Tam również nie popisał się Ashley Williams. Alexis Sanchez tak uderzył piłkę ze stałego fragmentu gry, jakby celowo chciał nabić walijskiego stopera i tak też się stało. Williams zmienił tor lotu piłki i całkowicie zmylił interweniującego już Stekelenburga. Kanonierzy wyszli na prowadzenie i pewnie zmierzali po kolejne ligowe zwycięstwo. Nie spodziewali się jednak, że to właśnie były kapitan Swansea okaże się ich katem...

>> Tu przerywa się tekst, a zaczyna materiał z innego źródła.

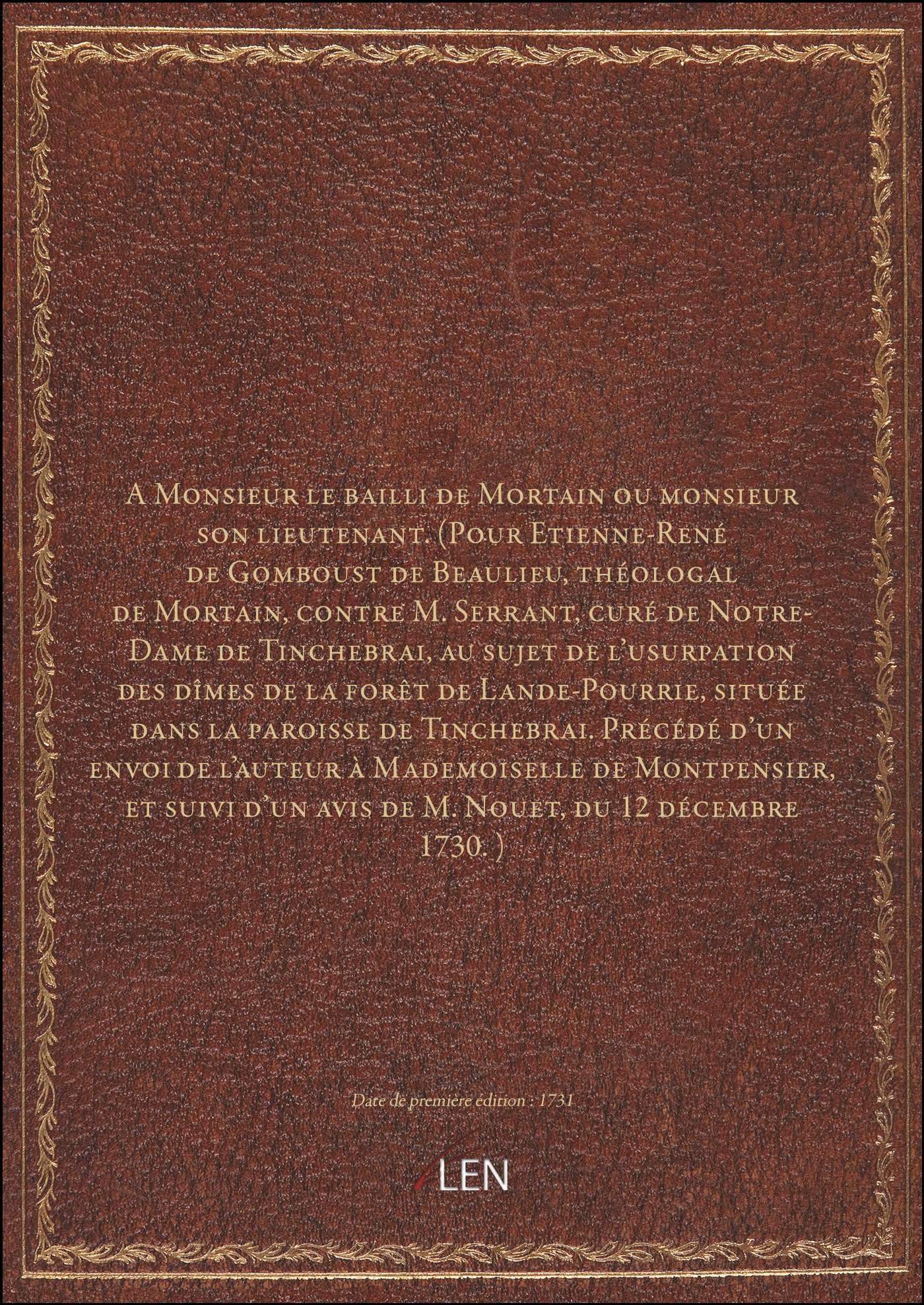 Titre complet : A Monsieur le bailli de Mortain ou monsieur son lieutenant. (Pour Etienne-René de Gomboust de Beaulieu, théologal de Mortain, contre M. Serrant, curé de Notre-Dame de Tinchebrai, au sujet de l'usurpation des dîmes de la forêt de Lande-Pourrie, située dans la paroisse de Tinchebrai. Précédé d'un envoi de l'auteur à Mademoiselle de Montpensier, et suivi d'un avis de M. Nouet, du 12 décembre 1730.)
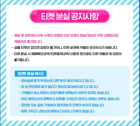 - 여벌 옷 & 속옷: 공연 끝나고 갈아입을 옷은 필수! 대중교통 이용 시 다른 분들께 피해를 주지 않기 위해서라도 꼭 챙겨주세요.
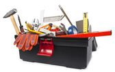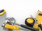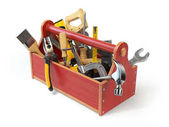 Przybornik z narzędzi. Skrewdriver, młot, piły ręcznej i klucz
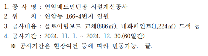 공사시행알림(연암배드민턴장 시설개선공사)
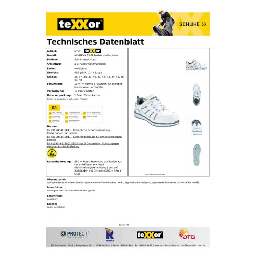 Eigenschaften "teXXor® S3-ESD-Sicherheitshalbschuhe AVIGNON 39, weiß/grau"
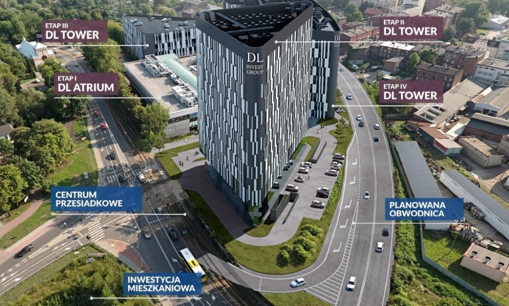 DL Tower Katowice Korfantego zlokalizowany jest w silnie zurbanizowanej części miasta
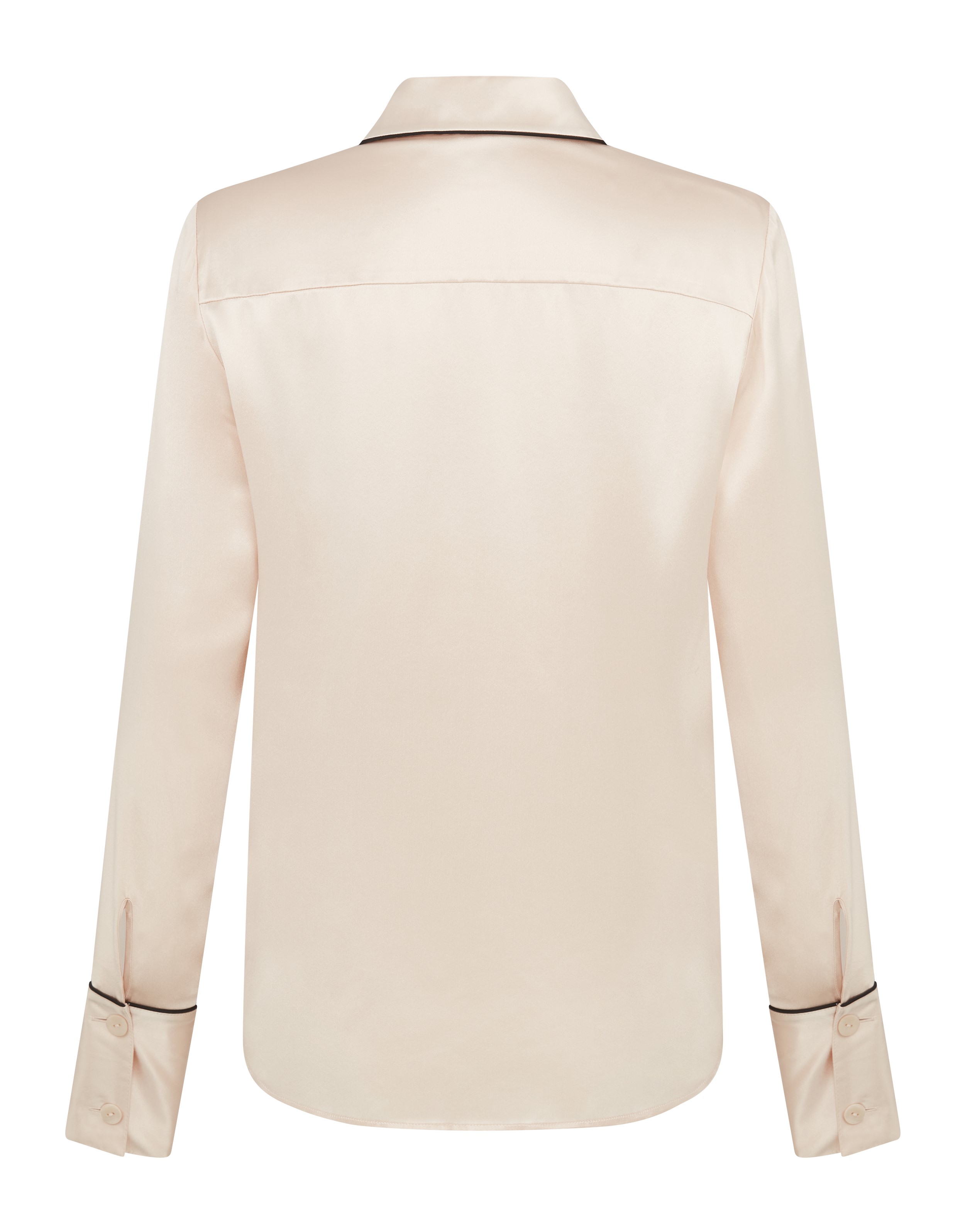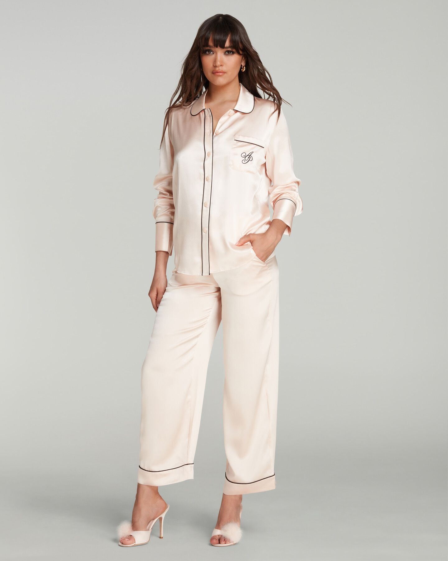 Пижамная рубашка из классической коллекции Agent Provocateur сшита из атласа нежно-розового цвета. Крой, вдохновленный изделием с мужского плеча, дополнен контрастной окантовкой и фирменной вышивкой на нагрудном кармане. Длинные рукава завершены широкими манжетами на пуговицах. Для завершения изысканного комплекта, подберите шорты или брюки из легендарной коллекции британского бренда.

Jeszcze przed końcem pierwszej połowy londyńczycy oddali inicjatywę rywalowi i pozwalali mu bezkarnie przedzierać się we własne pole karne. Kanonierzy za bardzo cofnęli się pod własną bramkę i zostali stłamszeni przez wysoki pressing przeciwnika. Tuż przed końcem pierwszej połowy Everton zdołał doprowadzić do wyrównania, a wszystko to za sprawą bocznych obrońców. Leighton Baines w dziecinny sposób ograł Walcotta i swoją słabszą nogą dośrodkował prosto na głowę zupełnie niepilnowanego Seamusa Colemana, który pewnie pokonał Petra Čecha.

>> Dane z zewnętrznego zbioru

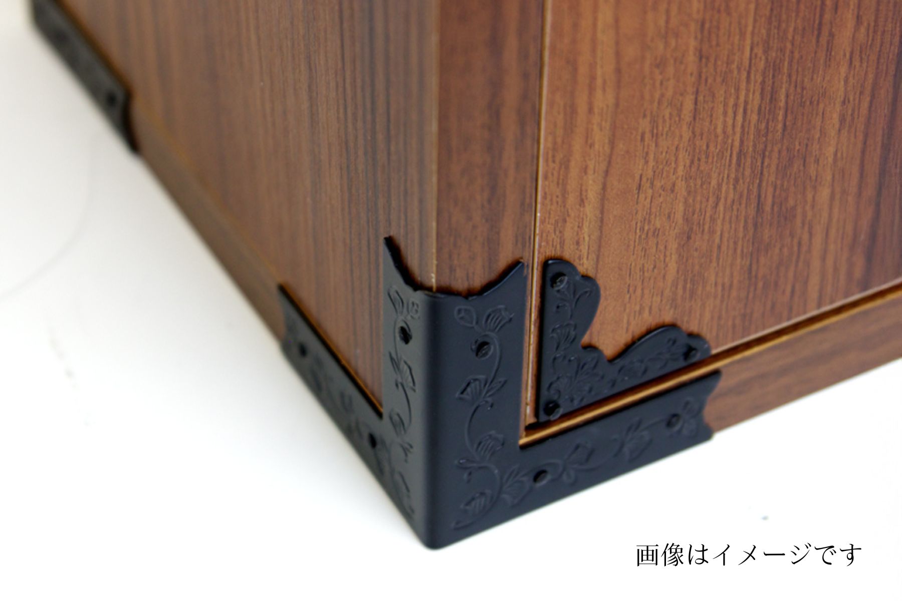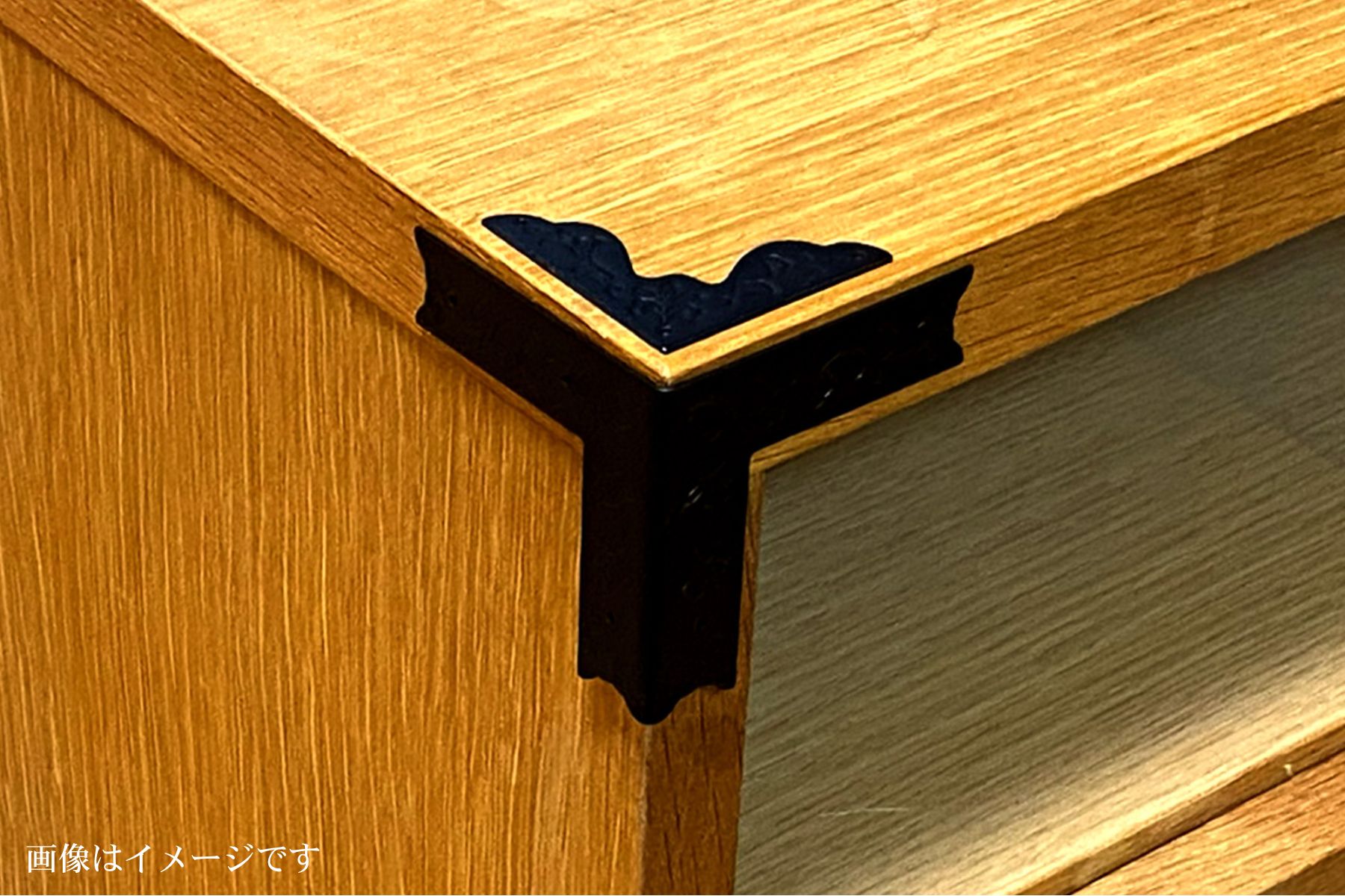 「オリエントシリーズ」は、伝統的な民芸家具の風合いを手軽に取り入れられる装飾金物です。縁起が良いとされる唐草模様の掘り込み装飾が施されており、表面はツヤを70%抑えた焼付け黒色塗装で仕上げられています。細部にまでこだわった落ち着いた質感が、和の空間に自然と調和します。

W drugiej połowie Kanonierzy stali się całkowicie bezpłciową drużyną. Na początku wyprowadzili akcję, którą wzorowo zmarnował koszmarny tego dnia Mesut Özil, a później oddali pole gry rywalowi. Everton nie miał jednak pomysłu na stworzenie sobie zagrożenia. Mądrzej operowali piłką przy nodze i ograniczali poczynania Arsenalu, jednak nie przynosiło to żadnych rezultatów. Dopiero w 86. minucie stały fragment gry przyniósł im wyczekiwane zwycięstwo. Ross Barkley dośrodkował na głowę Ashleya Williamsa, a ten odpłacił się kibicom za fatalną pierwszą połowę i zapewnił Evertonowi cenne trzy punkty.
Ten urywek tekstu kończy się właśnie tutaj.